TO DO
Please reproduce the lines of the records below from the one holding "Luxusní dlouhé šaty" through the one holding "普段見ることのないおもちゃの", inclusive, skipping all pictures.

========================================================================

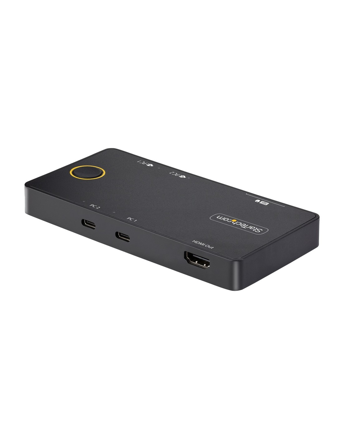 El conmutador KVM se alimenta por bus e incluye dos cables host USB-C de 1m/3 pies, lo que permite un despliegue rápido. El pequeño factor de forma es robusto y cuenta con pies de goma acoplados, que mantienen el KVM firmemente en su sitio durante el uso. La disposición simplificada de los puertos garantiza un fácil acceso al ratón, al teclado y a las conexiones del host, mientras que el paso de DP y la salida HDMI están convenientemente apartados, situados en el otro lado de la unidad.
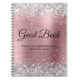 Crea tu propio libro de invitados de celebración de cumpleaños decorado con un bloc de notas en blanco para su día especial. Purpurina plateado con fondo de arte digital oscuro en gradiente metálico rosa claro. Los falsos destellos y purpurinas son gráficos digitales que se imprimen como una foto.
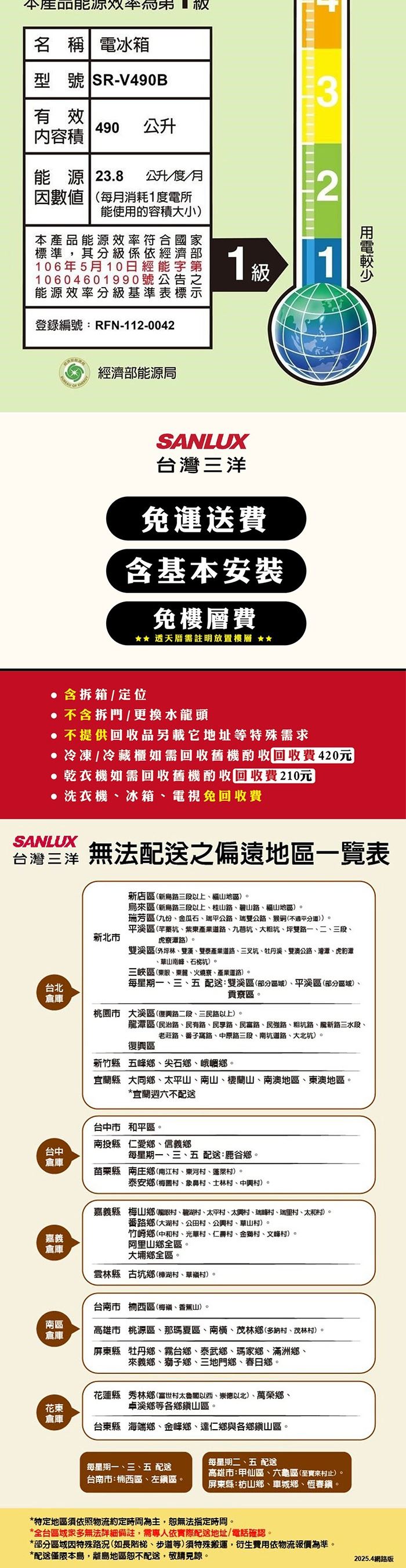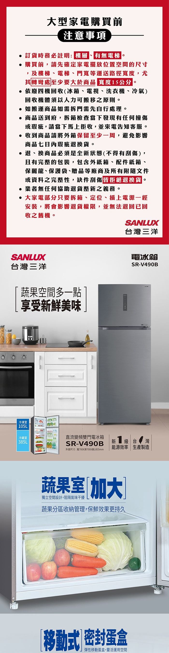 | 商品名稱 | 【SANLUX 台灣三洋】490公升一級能效變頻雙門冰箱(SR-V490B) |
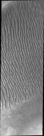 Note: this THEMIS visual image has not been radiometrically nor geometrically calibrated for this preliminary release. An empirical correction has been performed to remove instrumental effects. A linear shift has been applied in the cross-track and down-track direction to approximate spacecraft and planetary motion. Fully calibrated and geometrically projected images will be released through the Planetary Data System in accordance with Project policies at a later time.
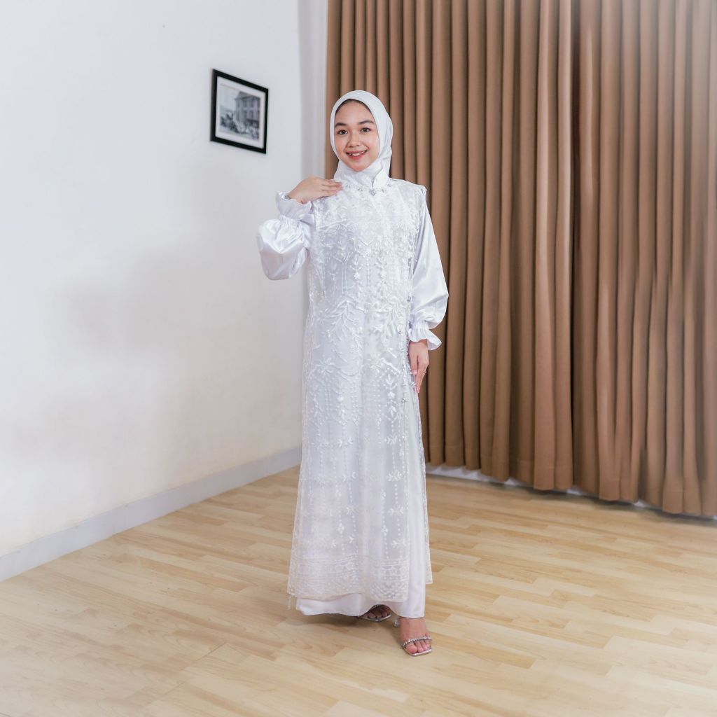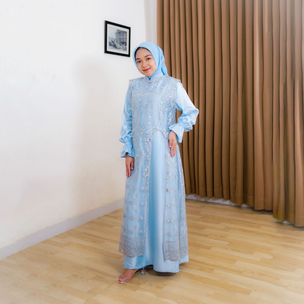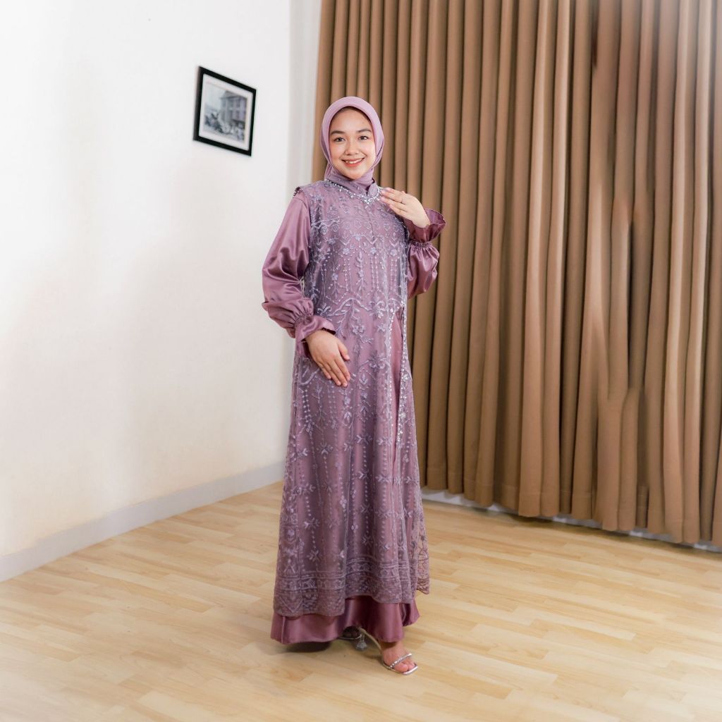 Marsya Dress Silk Burgandy Set Outer Brukat Aplikasi Payet Mutiara Gamis Pesta Wanita Kekinian OOTD
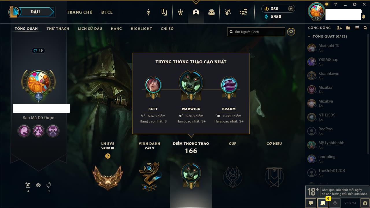 Rank Đơn: Chưa RankKhung: Chưa có khungTướng: 71 - Còn 5588 THXTrang Phục: 28Rank ĐTCL: Chưa RankLinh Thú: 43
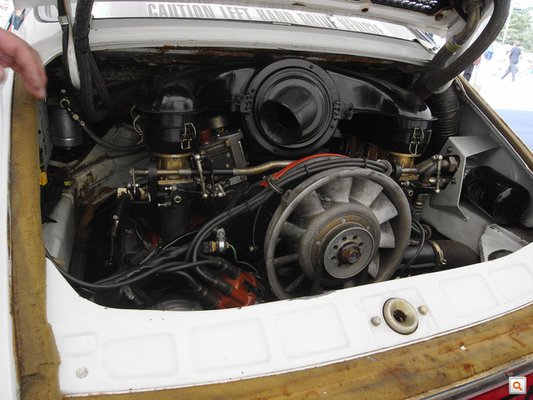 Vissza a Porschékhez. Sorban álltak a különféle 911-esek, a legrégebbitől a legújabbakig, volt itt versenyautó, rövid tengelytávos ősmodell, RS, utolsó léghűtéses, pályagép… és az én 953-asom. Elnézést, de azokban a pillanatokban csak így tudtam tekinteni az autóra, holott – ha a nyomozásaim helyes eredményre vezettek, az jelenleg Jacky Ickx tulajdonában van.
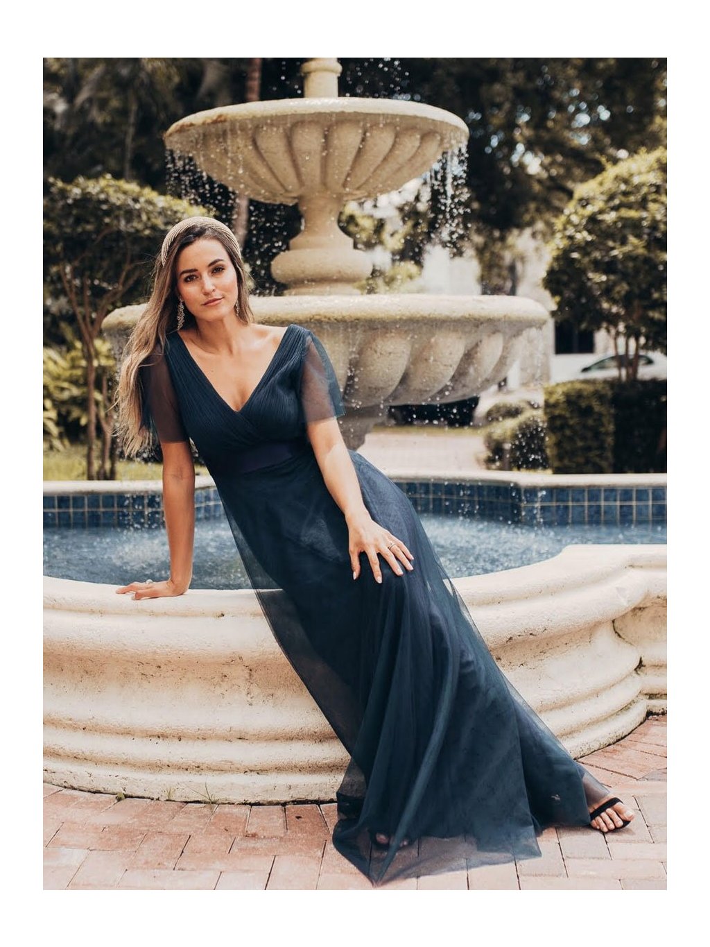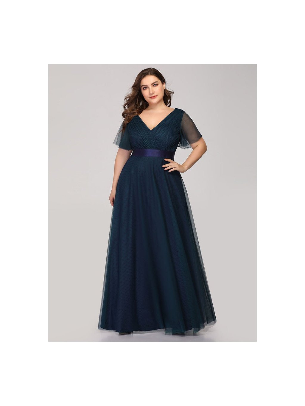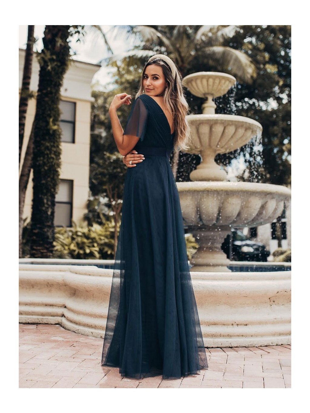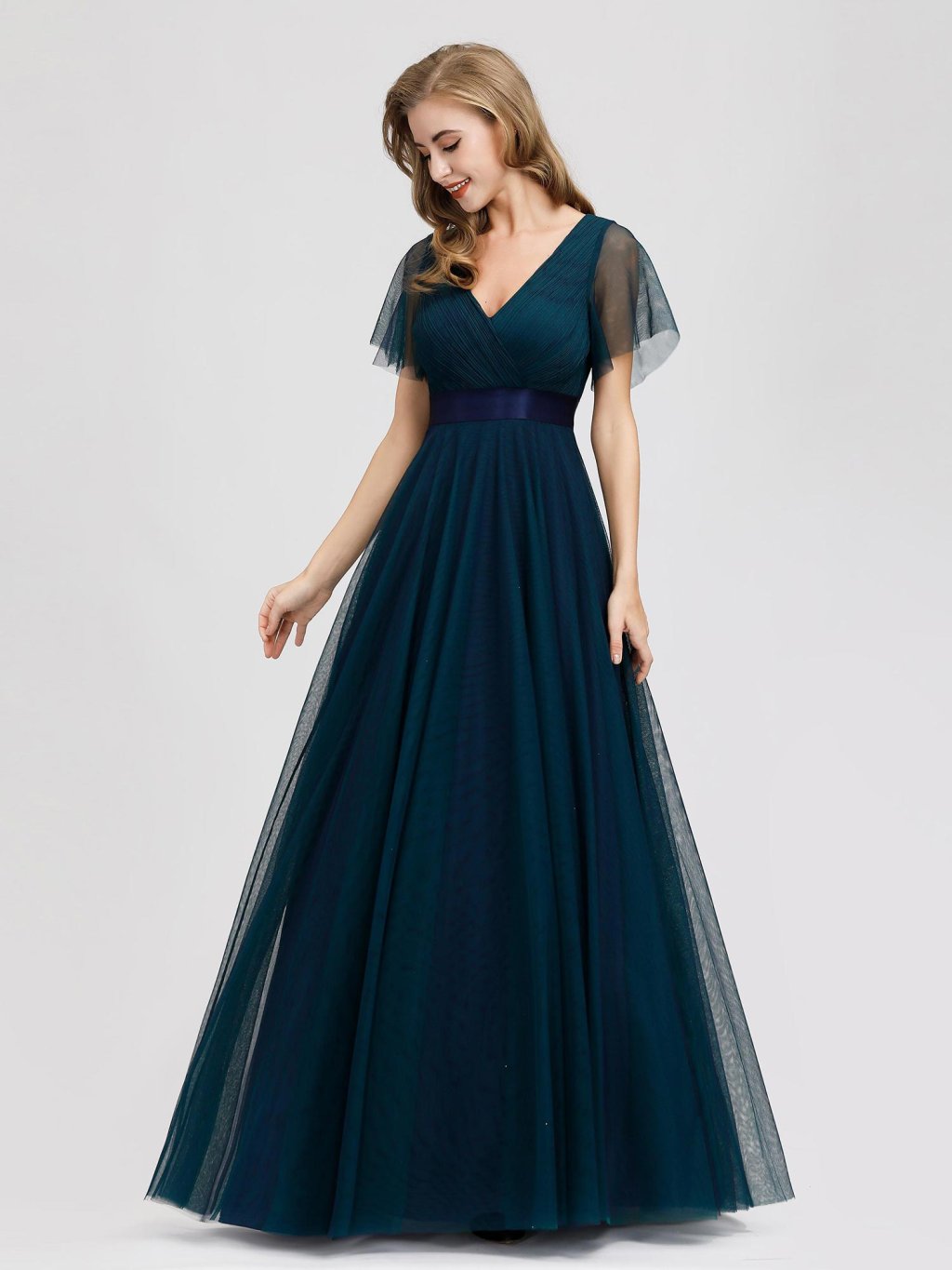 Luxusní dlouhé šaty Ever Pretty. Šaty mají na prsou i zádech hluboký véčkový výstřih. Mají průhledné krátké a volné rukávky. Na zádech mají skrytý zip. Sukně je velmi bohatá. Šaty krásně padnou a dělají velmi pěknou postavu.
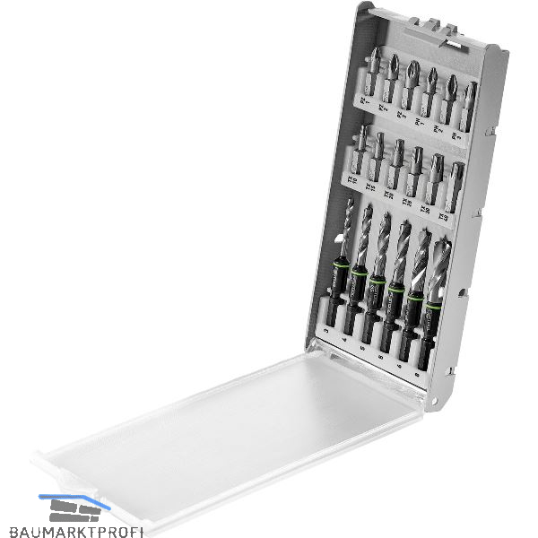 Übersichtlich verstaut und schnell griffbereit. Passt optimal in den Systainer3 mit Deckelfach. Bohrer und Bits werden sicher in Modulen gehalten, die flexibel versetzt werden können. Bohrer aus hochlegiertem Kugellagerstahl. Mit Zentrierspitze und 2 Schneiden für schnelle und saubere Bohrungendurch 2 Fasen anstelle von Vorschneidern wird auch in beschichtetem Plattenmaterial eine hohe Standzeit erreicht. Zum Bohren in allen Holzarten, verleimten Hölzern, MDF und Acrylglas. Aufgrund der kurzen Baugröße speziell für den Einsatz mit Winkelvorsätzen geeignet.
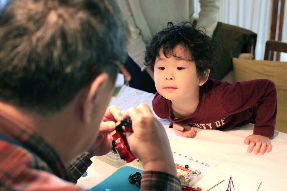 普段見ることのないおもちゃの構造に興味津々なお父さんや、うしろ脚が動かなくなってしまったねこちゃんをハラハラしながら見つめる女の子。
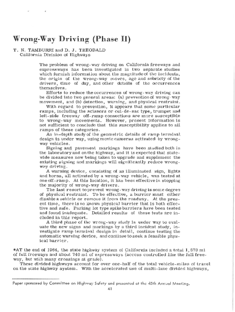 Wrongly Driving (Phase II) T. N. HAMBURG and D. J. THEOBALD California Division of Highways The problem of wrong way driving on California freeways and expressways has been investigated in two separate
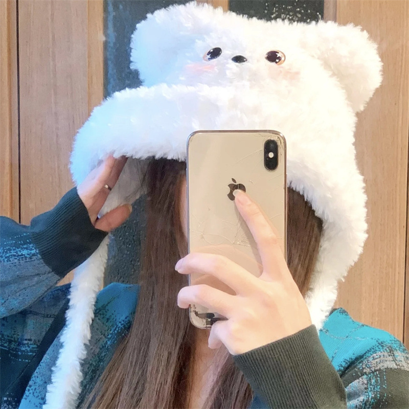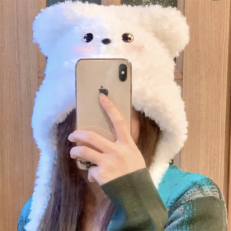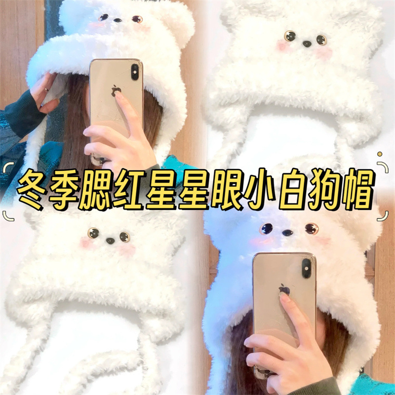 가을과 겨울 스타 눈 블러시 강아지 머리 모자 사이클링 방진 기모 귀 보호 니트 모자 모자스토어 가기
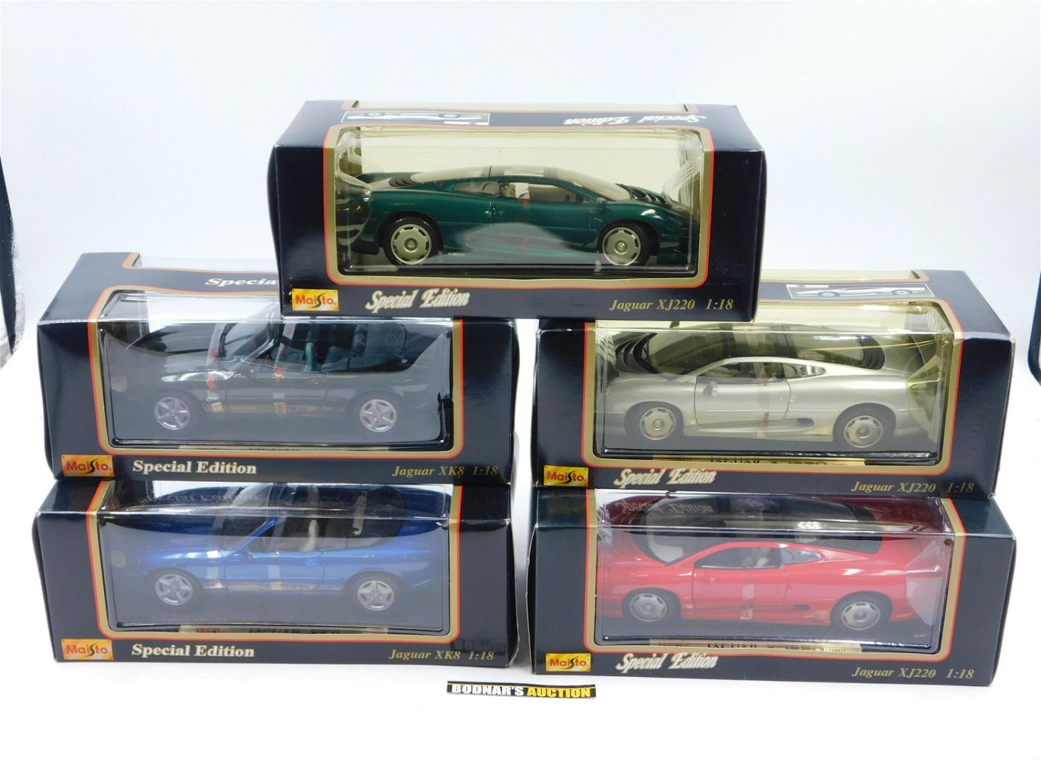 Lot of 5 Maisto Jaguar Diecast Cars. Including (3) Jaguar XJ220 (Green, Red and Silver) and (2) Jaguar XK8 (Green and Blue). All 1:18 Scale in Original Box. All invoices must be paid within 24 hours of the sale. All items are shipped USPS or UPS and will be billed separately. A $10 handling fee is added to the shipping price per lot. Local pickups are in our South Brunswick location on Friday, Saturday and Monday ONLY! All pickups are by appointment only. Any condition issues will be listed in the description. Please read the terms for full information.
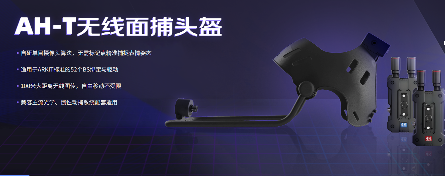该款头盔采用无线图传技术,在精细捕捉表情的前提下,无需使用连接线即可进行捕捉,使用者通过佩戴该款头盔可以进行大范围的自由移动,进行复杂的舞蹈、武术表演,大大的增强直播效果。此外还可以适配光学动捕与视觉捕捉系统,例如在搭配无穿戴动作捕捉系统的情况下,真人只需佩戴AH-T表情捕捉头盔,即可进行真人“身体+表情”的360°捕捉,赋予用户更加舒适、自由的使用感受。
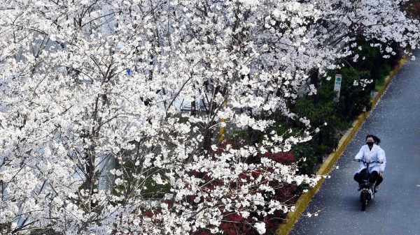 3月中旬,武汉的确诊病人已经减少到个位数,大家的心情都敞亮起来。有天,我下楼拿快递,一眼看见那棵樱花不知什么时候已经开了。那粉白的单瓣樱花开得密匝匝的,真的像一团霞雾。樱花终于开了,我的心情立刻大爽,我们离胜利不远了。
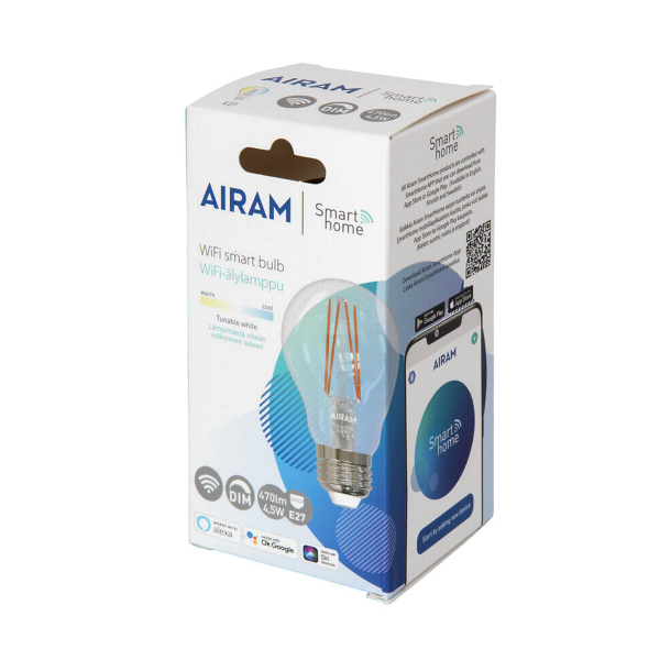 LED-pære med E27-sokkel, der kan styres via Airam SmartHome-appen. Justerbar farvetemperatur (2700K - 6500K), fuldt dæmpbar. Tre års garanti!

========================================================================

SOLUTION FOR THIS PROBLEM
 Luxusní dlouhé šaty Ever Pretty. Šaty mají na prsou i zádech hluboký véčkový výstřih. Mají průhledné krátké a volné rukávky. Na zádech mají skrytý zip. Sukně je velmi bohatá. Šaty krásně padnou a dělají velmi pěknou postavu.
 Übersichtlich verstaut und schnell griffbereit. Passt optimal in den Systainer3 mit Deckelfach. Bohrer und Bits werden sicher in Modulen gehalten, die flexibel versetzt werden können. Bohrer aus hochlegiertem Kugellagerstahl. Mit Zentrierspitze und 2 Schneiden für schnelle und saubere Bohrungendurch 2 Fasen anstelle von Vorschneidern wird auch in beschichtetem Plattenmaterial eine hohe Standzeit erreicht. Zum Bohren in allen Holzarten, verleimten Hölzern, MDF und Acrylglas. Aufgrund der kurzen Baugröße speziell für den Einsatz mit Winkelvorsätzen geeignet.
 普段見ることのないおもちゃの構造に興味津々なお父さんや、うしろ脚が動かなくなってしまったねこちゃんをハラハラしながら見つめる女の子。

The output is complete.